# gambler lures tournament



## markfish (Nov 22, 2007)

well is any one fishing the free gambler tour,this weekend,and do are local retailer sell there lurers i dont have there lures in my bag of tricks,


----------



## ProAngler (Feb 23, 2009)

Ill be fishing it Saturday. Gambler makes some good plastics, and a decent chatter bait.


----------



## Spot (Feb 2, 2006)

Yes Kames and Land big fish carry gambler products


----------



## ncraft150 (Apr 5, 2004)

I'll be fishing it with my son. I was at Land Big Fish last night and they have an ok selection of their plastics. They are out of the chatterbait and spinnerbait(1 left) as well as the crankbaits by Gambler. Fin, Fur, and Feathers as well as the Rod Makers Shop all sell Gambler products. I'll be making a trip to Kames this week to see if they have any of the the spinnerbaits or crankbaits. I have some, but not much.


----------



## goodday (Dec 24, 2004)

Remenber to get your enty in before the tourny as there is a ramp pay fee of i believe$25.00 the day of the tournament. I heard they were at 80+ boats
http://www.gambler-bang.com/files/


----------



## ncraft150 (Apr 5, 2004)

Entry has to be in no later than 4/16 or there is a $25 fee. Fax it in today or tomorrow and you be ok. Updated list on the Gambler web site. 80 teams as of me posting this. 20 spots open


----------



## Miahjjh1 (Jan 22, 2008)

I'll be fishing it this Sat.

I was looking and I dont see where Gambler makes a crankbait. 

Do they?


----------



## ncraft150 (Apr 5, 2004)

They used to have crankbaits at least. Land Big Fish sold them last year. High priced. Around $15. I have a handfull of Gambler stuff that they dont make anymore. Like spinnerbaits and some tubes. The soft plastics say Gambler real big right across the package, but the other lures had a different name and then in small writing the words "By Gambler". They may have stopped making the chatterbait style bait also. I can't find any and they aren't on their website either. I still have a couple.


----------



## ncraft150 (Apr 5, 2004)

Man was it tough.

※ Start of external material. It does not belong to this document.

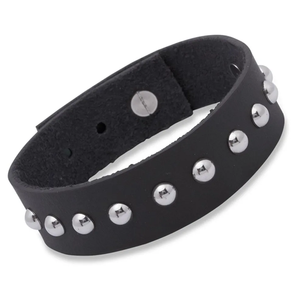 Das rockige Armband aus schwarzem Echtleder ist vollkommen von Edelstahlnieten umgeben. Durch eine Mehrfachlochung kann es in der Länge angepasst werden. Geschlossen wird es mit einem Kugelkopfverschluss. Verstellbar von 18 bis 22 cm.

Had a pig break me off and only managed 3 more fish. I loved fishing all day with my son even thoguh he didn't draw my name to win one of the rod and reel combos, lol.


----------



## junkyardbass (Mar 19, 2006)

I didn't realize that was you and your son or I would have stoped and introduced myself and said hi. We had a tough day too. Weighed in 4 fish for a whopping 5lb even.


----------



## WB185Ranger (May 18, 2006)

Nice fish ncraft and it looks like your son had a Blast!  We were at The Fin yesterday and they had a few crankbaits made by Gambler at 50% off, if anyone was still looking for them. WB


----------



## Tengauge (Mar 31, 2009)

Does anyone know the results of the weigh in? What won and what was the least amount of weight that placed?
thanks


----------



## ncraft150 (Apr 5, 2004)

6# placed. I know it was over 10 to win. Big fish was 4.71#. Gambler will post it on their web site, but the numbers are not posted yet.


----------